Judgment of sentence vacated and case remanded for a new trial. Jurisdiction is relinquished.
WIEAND, J., files a concurring opinion.

. The lower court relied on the following language in the Hill opinion: [S]ubjective good-faith belief would not in itself justify either the arrest or in the subsequent search. But sufficient probability, not certainty, is the touchstone of reasonableness under the Fourth Amendment and on the record before us the officer's mistake was understandable and the arrest a reasonable response to the situation facing them at the time.
Id. 401 U.S. at 804, 91 S.Ct. at 1110-11.
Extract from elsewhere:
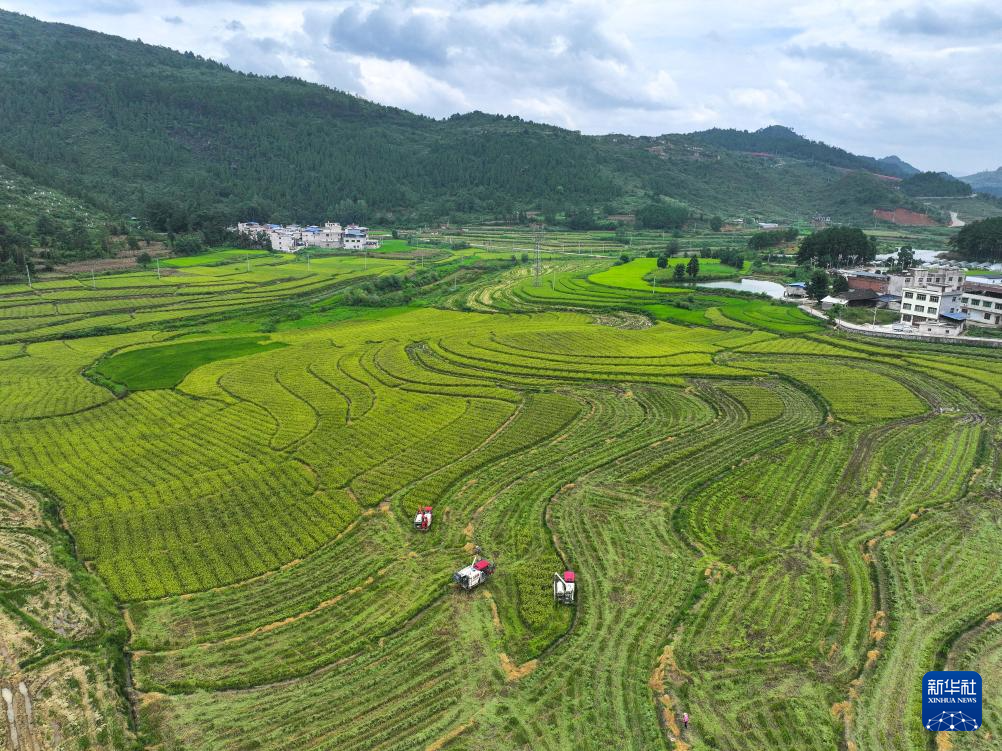 近年来,随着农业机械化向偏远山区推广,老陈春天犁田用上了大型耕田机,夏季防虫用上了无人机,秋天请来专业收割机队帮忙收割,大大节约了时间成本,提高了生产效率。

. See also McDonald v. State, 569 P.2d 1014 (Okl.Cr.App.1977), where the Court of Criminal appeals of Oklahoma relied on Carlson in suppressing evidence seized during an arrest. In that case police went to appellant’s home to arrest him on what they believed to be an outstanding warrant for grand larceny, also suspecting that appellant was implicated in a second armed robbery for which no warrant had been issued. It was during the search incident to arrest that the police discovered and seized evidence which led to appellant’s conviction for this second robbery. However, the warrant pursuant to which the police made the arrest had already been returned and the appellant arrested and arraigned on the charge. The court held that since the grand larceny warrant was exhausted, the officers had no authority to make an arrest, thus invalidating any search incident to arrest. Consequently, the seized materials were ordered suppressed. Id. at 1017.